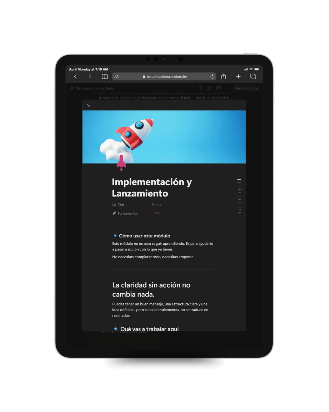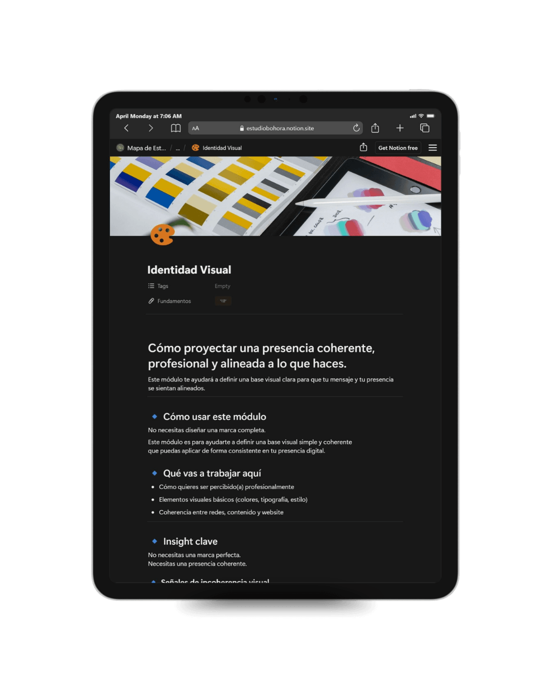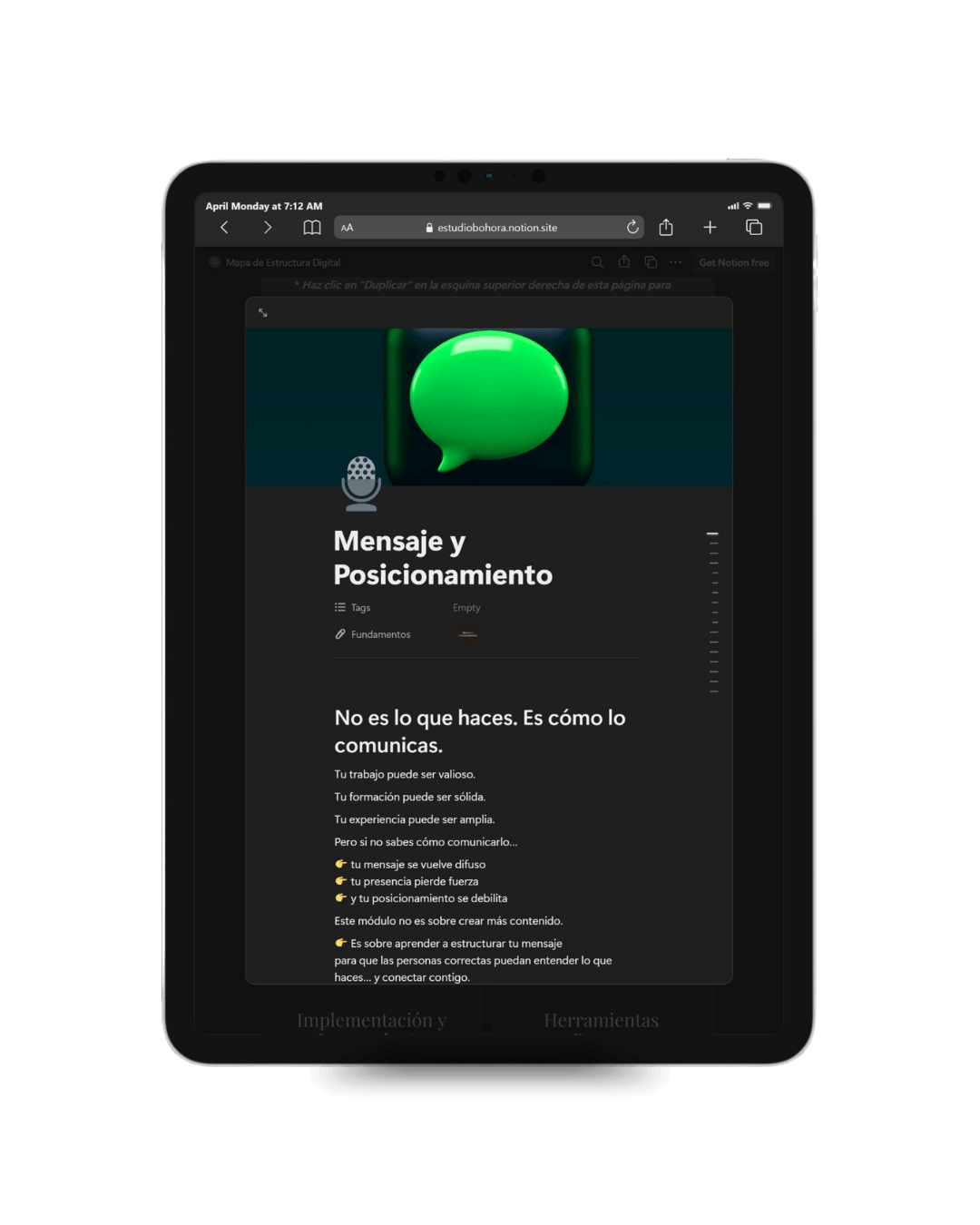 A través de un sistema paso a paso en Notion, podrás definir tu mensaje, organizar tu contenido, estructurar tu página web y alinear toda tu presencia digital con una dirección clara.
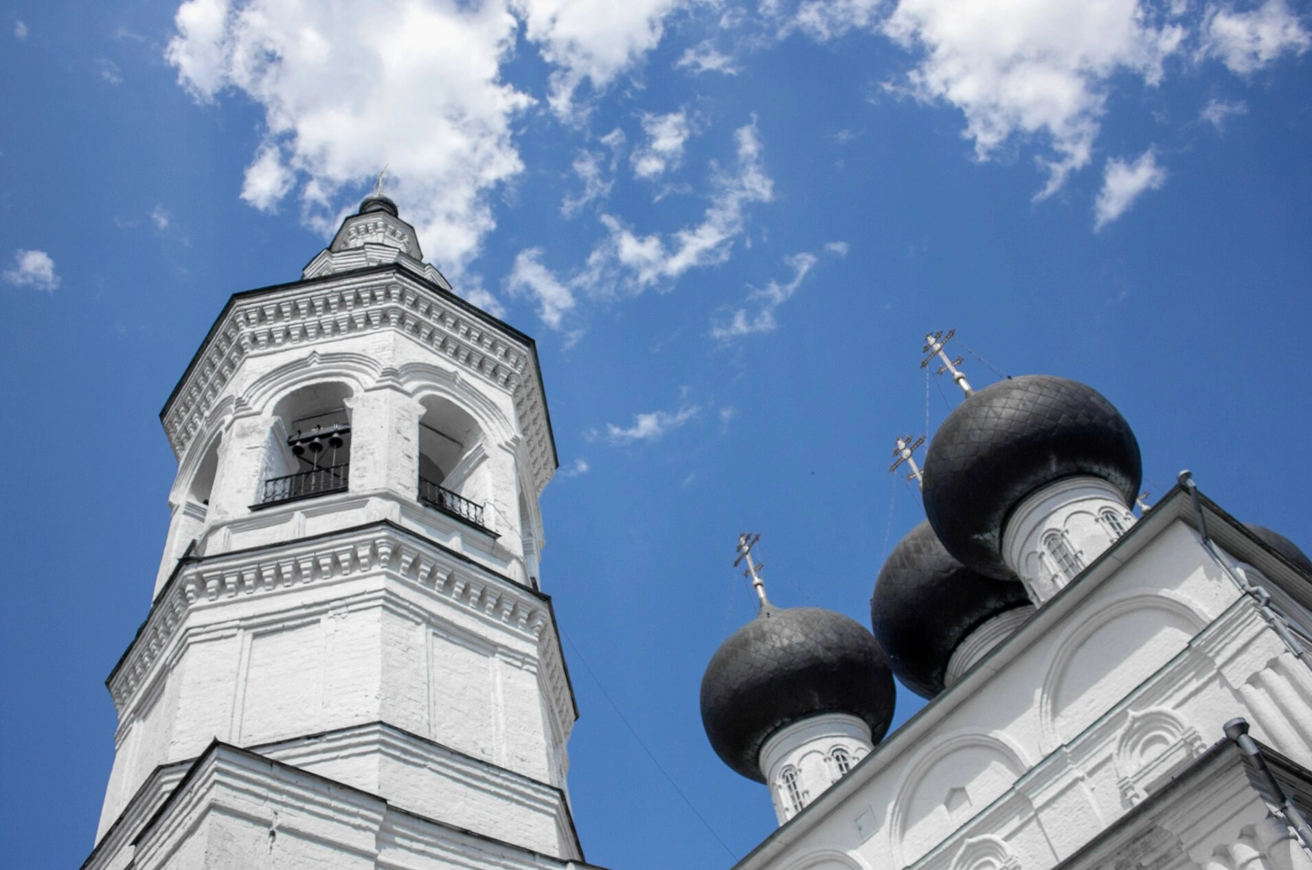 На представленной фотографии запечатлён величественный православный храм — церковь Николая Чудотворца, что расположена во Владычной слободе города Вологды. Белоснежная колокольня с шатровым завершением и тёмные купола, увенчанные золочёными крестами, создают строгий и благолепный образ, характерный для северного церковного зодчества.
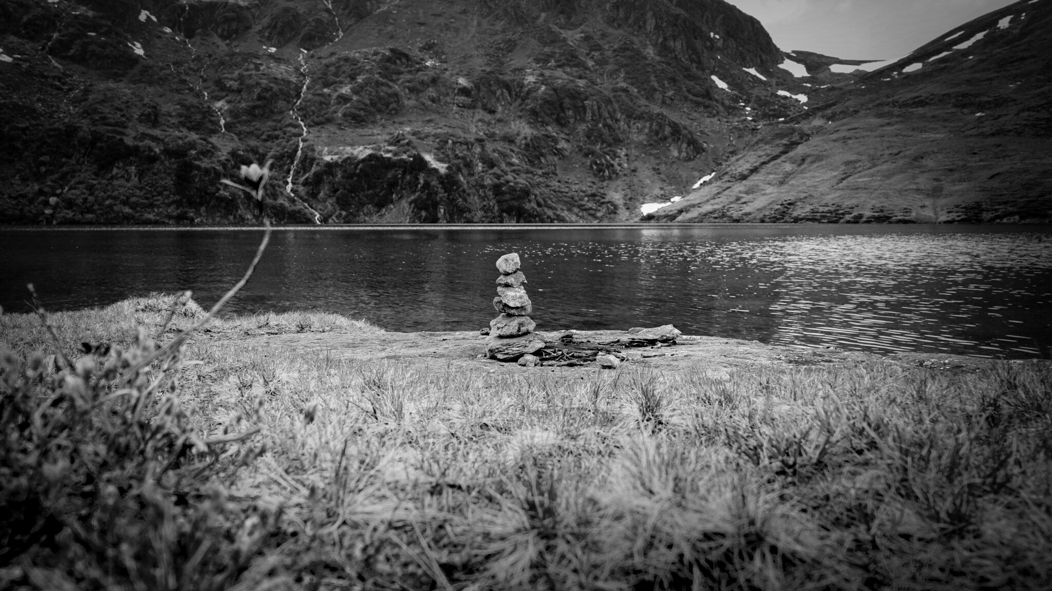 The lap of lake water against
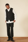 La veste sans manches Herringbone de la marque Sage de Crêt, en noir, se caractérise par un col en V, une coupe droite et cintrée, une fermeture à boutons noirs, ainsi que deux poches plaquées de chaque côté et une poche sur la poitrine gauche. Elle est également dotée d'un cordon de serrage avec des boutons pour un ajustement au bas du dos.
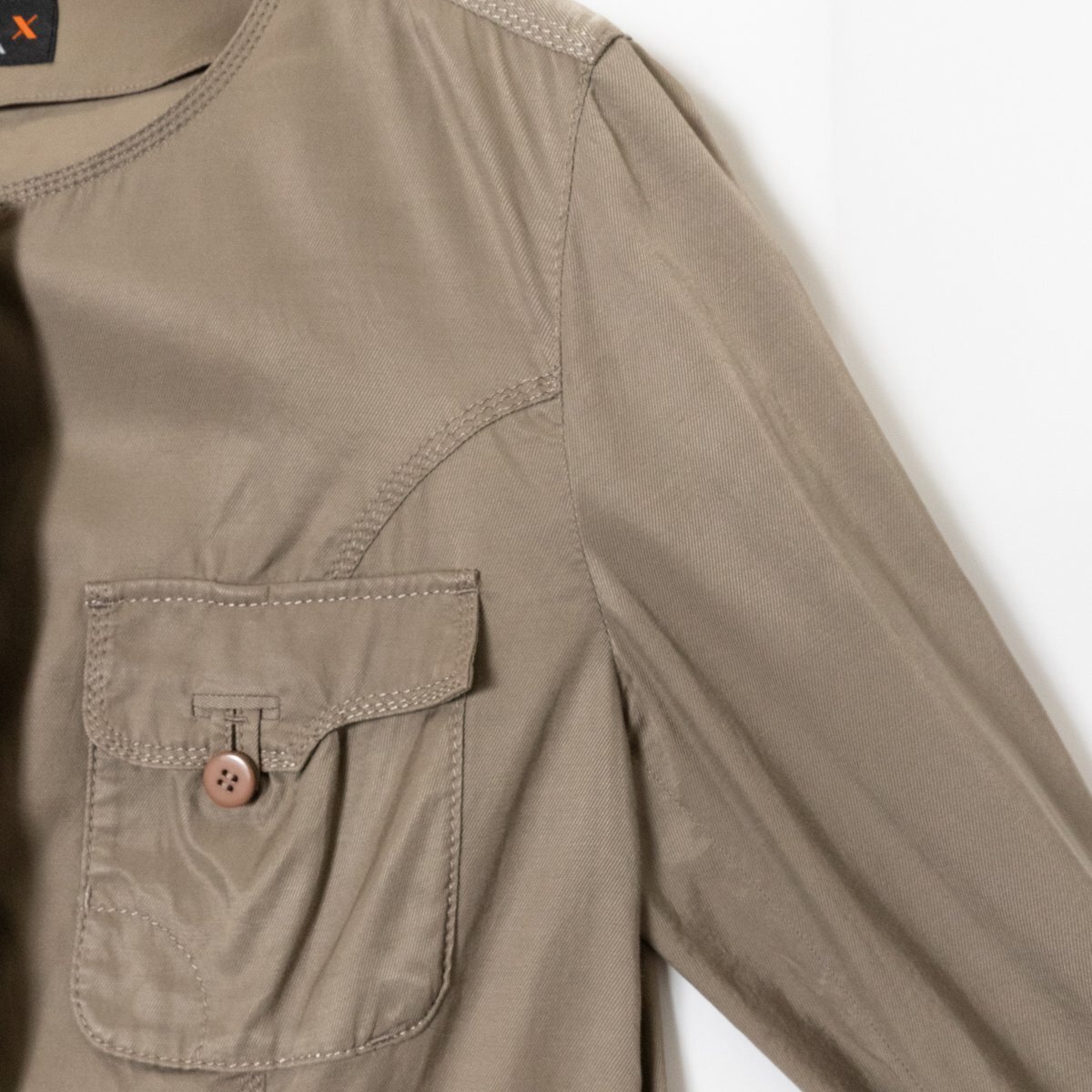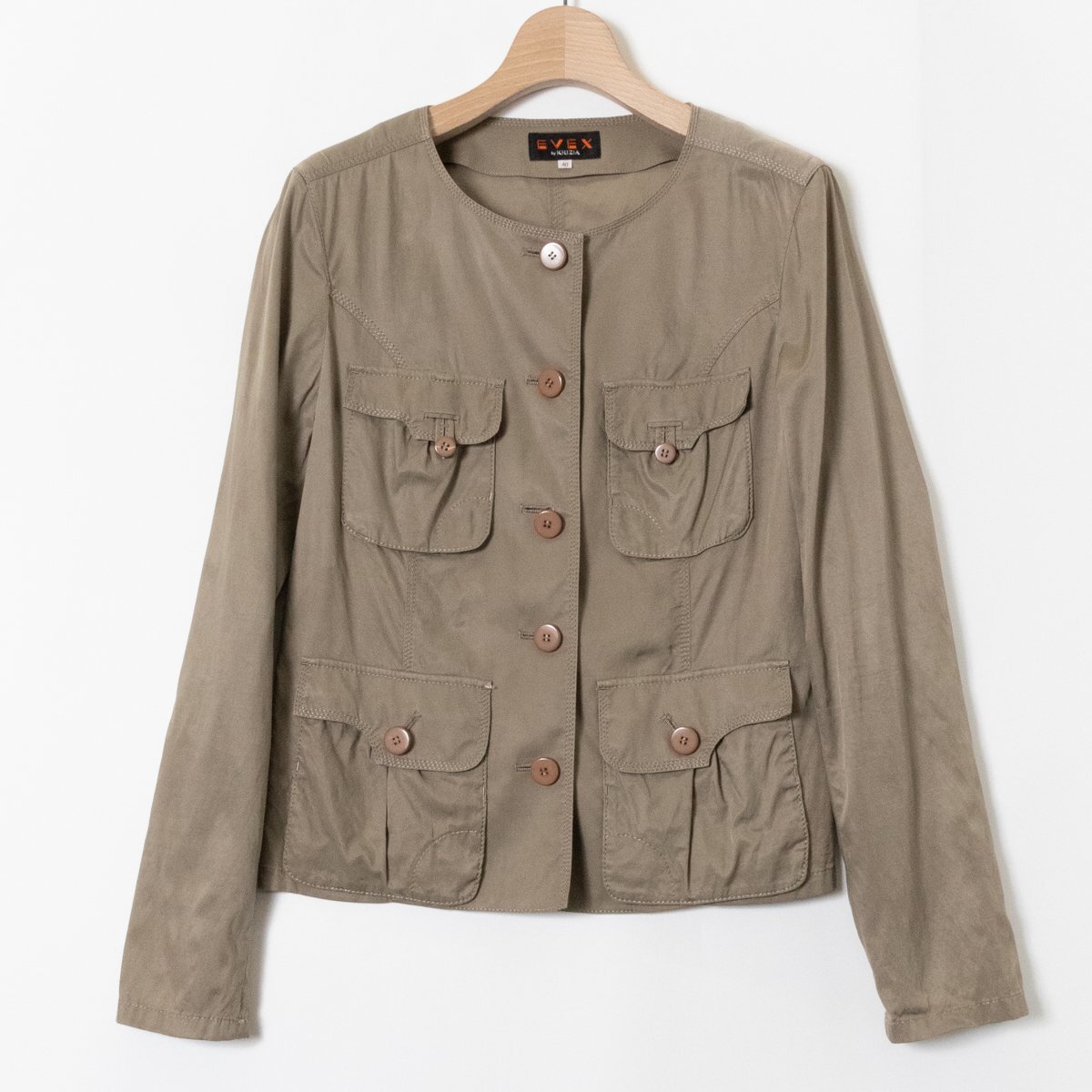 | サイズ | 表記サイズ:40 肩幅:39.5cm 身幅:45.5cm 着丈:51cm 袖丈:61cm |
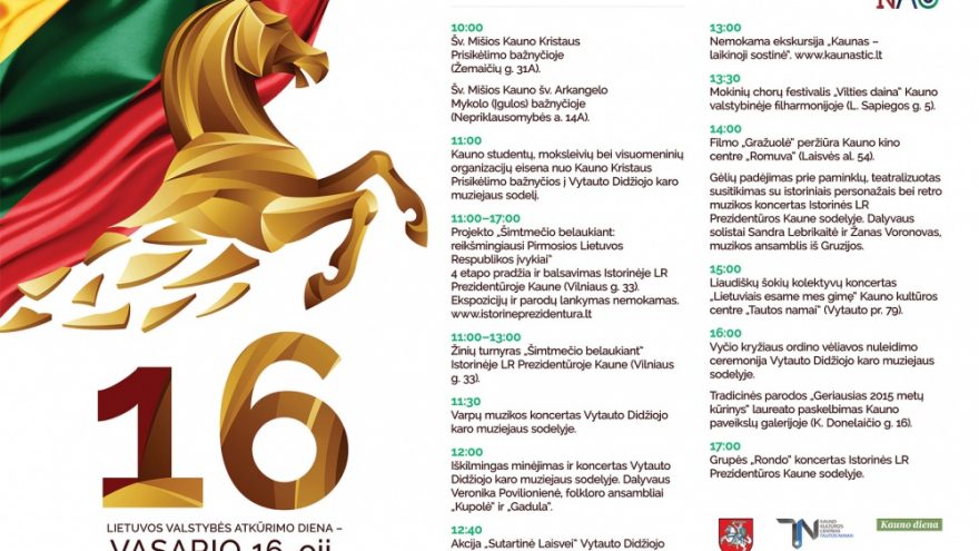 LIETUVOS VALSTYBĖS ATKŪRIMO DIENOS – VASARIO 16-OSIOS – RENGINIAI KAUNE
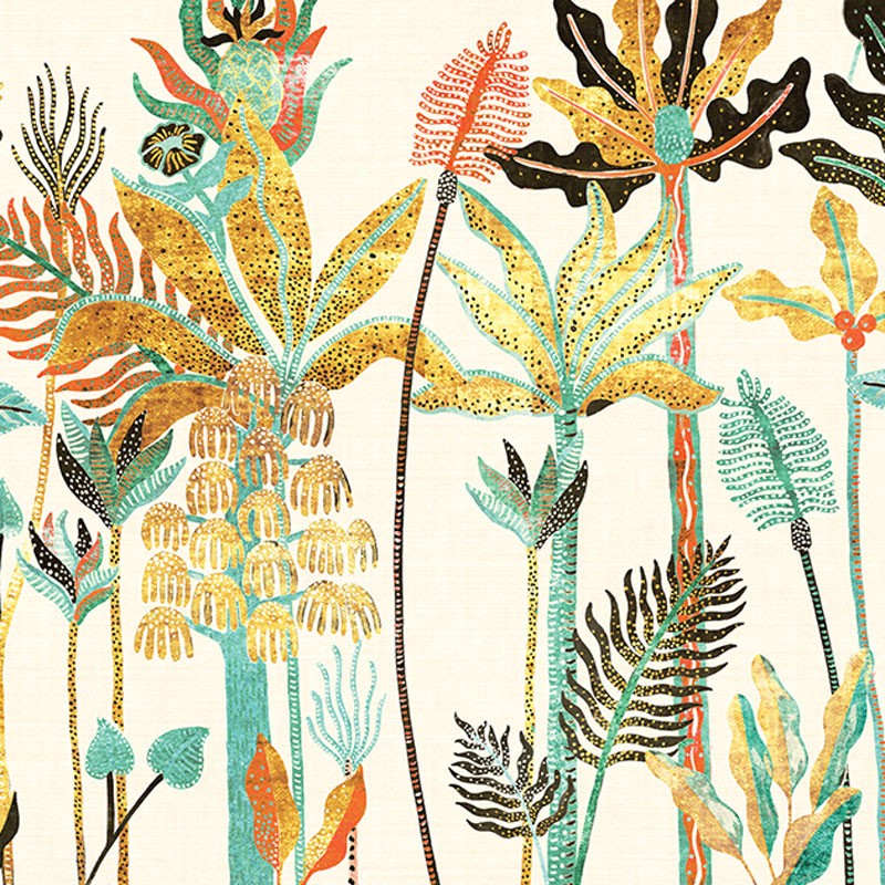 Mural compuesto de 3 paneles decorativos impreso digitalmente inspirado en las típicas palmeras de La Habana con una variedad de hojas tropicales. Su variedad de plantas, puntos y rayas produce un resultado decididamente divertido. Este papel pintado o fotomural impreso cuenta con un fondo con efecto de textil beige que desigual.
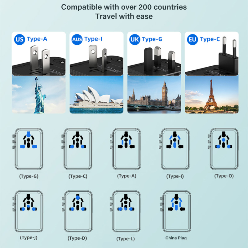 UsB-C + 2USB-A, transformable EU/UK/US/P plugs
• • •
▶ [Problem statement] Word for word, copy the lines from the one with "На представленной фотографии" through the end of the entries above, and do not include any picture.

▶ [Finished task]
 На представленной фотографии запечатлён величественный православный храм — церковь Николая Чудотворца, что расположена во Владычной слободе города Вологды. Белоснежная колокольня с шатровым завершением и тёмные купола, увенчанные золочёными крестами, создают строгий и благолепный образ, характерный для северного церковного зодчества.
 The lap of lake water against
 La veste sans manches Herringbone de la marque Sage de Crêt, en noir, se caractérise par un col en V, une coupe droite et cintrée, une fermeture à boutons noirs, ainsi que deux poches plaquées de chaque côté et une poche sur la poitrine gauche. Elle est également dotée d'un cordon de serrage avec des boutons pour un ajustement au bas du dos.
 | サイズ | 表記サイズ:40 肩幅:39.5cm 身幅:45.5cm 着丈:51cm 袖丈:61cm |
 LIETUVOS VALSTYBĖS ATKŪRIMO DIENOS – VASARIO 16-OSIOS – RENGINIAI KAUNE
 Mural compuesto de 3 paneles decorativos impreso digitalmente inspirado en las típicas palmeras de La Habana con una variedad de hojas tropicales. Su variedad de plantas, puntos y rayas produce un resultado decididamente divertido. Este papel pintado o fotomural impreso cuenta con un fondo con efecto de textil beige que desigual.
 UsB-C + 2USB-A, transformable EU/UK/US/P plugs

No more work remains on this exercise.